As for realistic next steps:

  • Hybridizing embeddings + tags — I'll incorporate tag matching into the embedding score to achieve both semantic closeness and genre alignment. Since I have both the data and the mechanism ready, I can try this immediately.
  • Putting collaborative filtering on hold — While technically possible if I gather data from access analytics on "what people read after this article," a personal blog of this size simply won't have enough data for the foreseeable future.

Since the embedding calculations are already running in my translation pipeline, there's zero additional cost for related articles. I think it's pretty neat that what matching businesses run on massive infrastructure, a personal blog can try on a small scale with Supabase's free tier.

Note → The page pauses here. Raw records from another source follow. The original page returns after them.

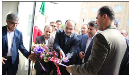
مدیر عامل شرکت آب و فاضلاب استان زنجان خبر داد:

وی همچنین به حفر و تجهیز یک حلقه چاه در شهر صائین قلعه اشاره کرده و گفت: این طرح همراه با اجرای خط انتقال با ۶ میلیارد و ۷۶۰ میلیون ریال اعتبار به بهره برداری می رسد که با اجرای مجموع این طرح ها شاهد خدمات رسانی بیشتر به مشترکین آب و فاضلاب در شهر های استان زنجان خواهیم بود.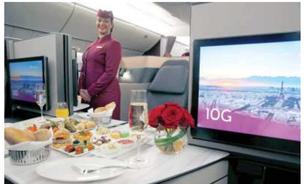
الابتكار والالتزام بتقديم أفضل وأرقى تجربة سفر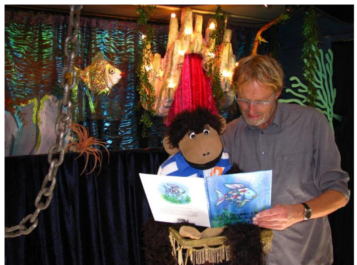
Poppenkastvoorstelling: Het mooiste visje van de zee

Er is oppas aanwezig voor kinderen van 0 tot 4 jaar. U kunt zich bij Aldert Dijk opgeven als u ons wil helpen bij deze oppas. aldert@cnsstaphorst.nl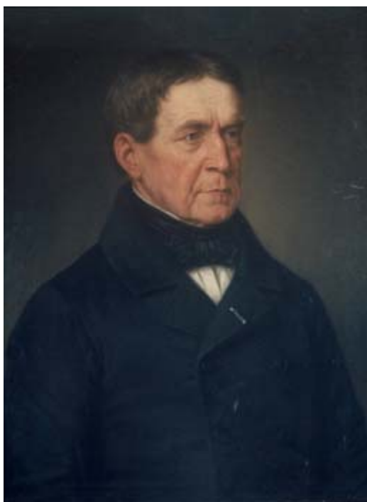
(Franz von Baader)

sé: « il loro rapporto si instaura in un descensus-ascensus reciproco, come quiete nel movimento e movimento nella quiete » (p. 22). L'una non può stare senza l'altra, in quanto il femminile si unisce al femminile nel maschile, e il maschile al maschile nel femminile, durante il processo generativo. La visione gravitazionale moderna ha sterilizzato la vita del cosmo assolutizzando il momento maschile, "calcinandolo" nel suo fuoco espansivo ridotto a mera dispersione. Di contro, il principio femminile ha finito per imputridire, nell'isolamento, dando luogo alla stagnazione dell' "acqua di vita".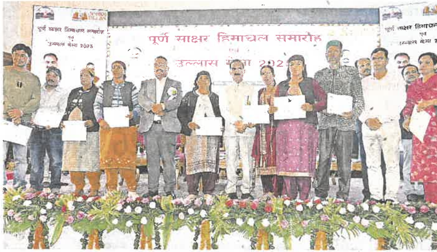
शिमला में सोमवार को मुख्यमंत्री सुखविंदर सिंह सुक्खू, शिक्षा मंत्री रोहित ठाकुर व अधिकारी लोगों को साक्षरता प्रमाणपत्र देते

साक्षरता के स्वयंसेवक के रूप में कार्य कर चुके शिक्षा सचिव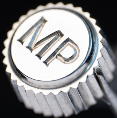
Korunka s ručním rytím | Hand graving crown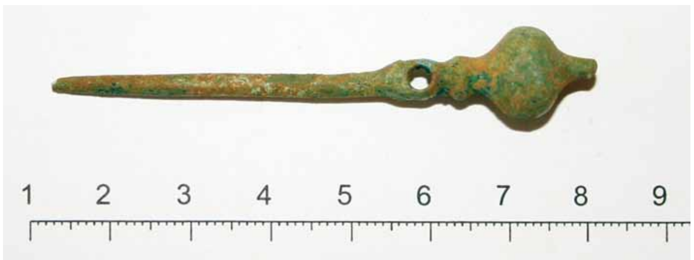
SL. I. / FIG. I.

Find from an inhumation grave no. 20. Osteological analysis revealed that the grave contained bones of at least three adults and two children; excavations by the Šibenik City Museum in the year 2003. Pin of a serpentine fibula with a hole for attaching the bow, fragmented. A rib is in continuation, and then a bulbous head with a point whose tip is missing. Length 69 mm; Accompanying finds: six pins of fibulae, foot fragment of a Certosa fibula, foot fragment of a Baška type fibula, bow of a Certosa fibula, type VII f, bracelet, four rings, two hairpins, spiral pendant, fragmented basket-shaped pendant, crotchet fragment, seven amber beads, polygonal faceted bead. Dating of the grave: 1st – 3rd centuries. Kept in the Šibenik City Museum, Šibenik. Bibliography: D. GLOGOVIĆ, 2014, 22, 42, Br.14, T. 13 a, 13 b.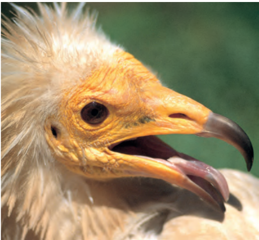
Alimoche / Sai zuria

El paisaje de Olla está dominado por montañas pobladas de bosques y pastos, con un fondo de valle cultivado en el que se asientan los pequeños pueblos. El medio natural actual es el resultado de la interacción humana secular. En los bosques, el uso humano ha dejado su huella en los grandes árboles trasmochos que hoy se pueden admirar. Los rasos de la sierra de Andía, pastoreados desde antiguo, eran el objetivo de los rebaños que llegaban por la cañada "Pasada de Olla"; una actividad, la ganadería extensiva, que pervive en la actualidad.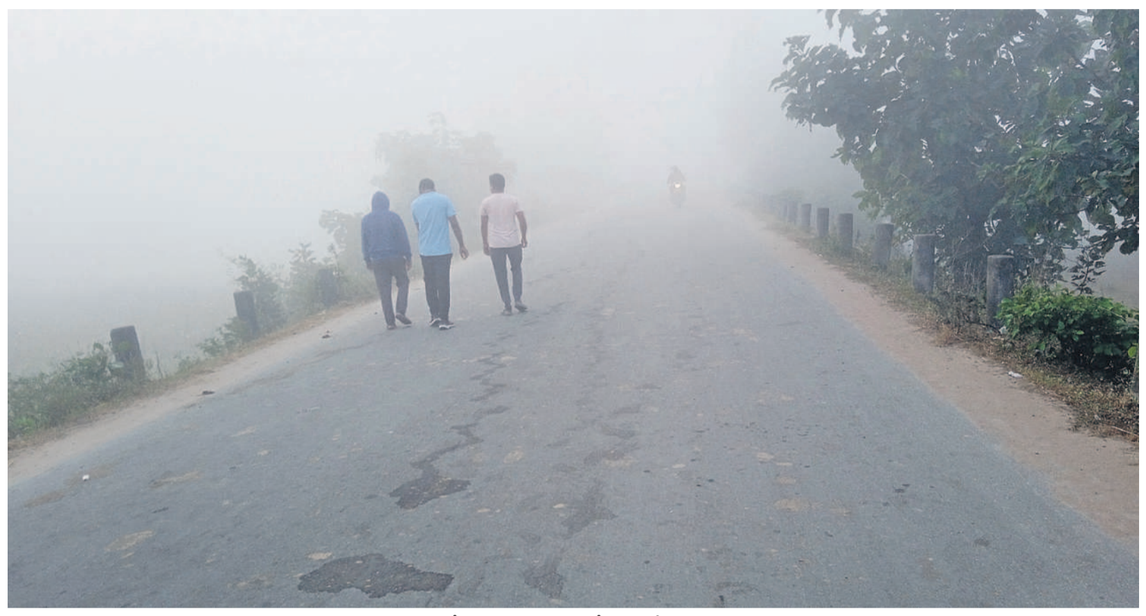
జిల్లాలో కమ్ముతున్న పొగ మంచులో వాకింగ్ చేస్తున్న యువకులు

కుమ్రం భీం ఆసిఫాబాద్, మంచిర్యాల జిల్లాలపై చలి పంజా విసిరింది. ఒక్కసారిగా ఉష్ణోగ్రతలు పడిపోగా ప్రజానీకం గజగజ వణికిపోయింది. గురువారం సిర్యూర్(యా)లో కనిష్ఠంగా 7.3 డిగ్రీలు నమోదు కాగా, గడ్డకట్టుకుపోయే పరిస్థితి తలెత్తింది. ఆయాచోట్ల ఉదయం ఎనిమిది గంటల దాకా పొగమంచు తొలగకపోవడంతో రోడ్లు కనిపించక వాహనాల డ్రైవర్లు ఇబ్బంది పడాల్సి వచ్చింది. ఇక వివిధ పనులపై బయటకు వెళ్లిన వారంతా చీకటి వడకముందే ఇళ్లకు చేరుకోగా, రోడ్లపై సందడి తగ్గింది. ప్రధానంగా ఏజెన్సీ ప్రాంతాల్లో ఉదయం.. సాయంత్రం చిన్నా పెద్దలంతా నెగడ్లు వేసుకొని చలి మంటలు కాగుతూ కనిపించారు.

Current Status & Future Plans

Since there are only a few articles published at this stage, I honestly can't say if the embedding-based related posts are functioning effectively yet. It's currently running with a provisional threshold of cosine similarity 0.8 or higher, showing a maximum of 3 articles, but the low article count means I can't properly validate it. I'll only be able to assess its superiority (or inferiority) compared to word-matching methods like YARPP once more articles are added and genres diversify.

Things I want to verify in the future:

  • Can it accurately pick up articles that are semantically close but use different keywords, once the number of posts grows?
  • Will the optimal threshold value (currently 0.8) change depending on the number of articles and their genres?
  • If embedding alone starts showing its limits, how much will a hybrid approach with tag matching improve things?

Once I've gathered enough real-world data, I plan to analyze the score distribution and hit rate.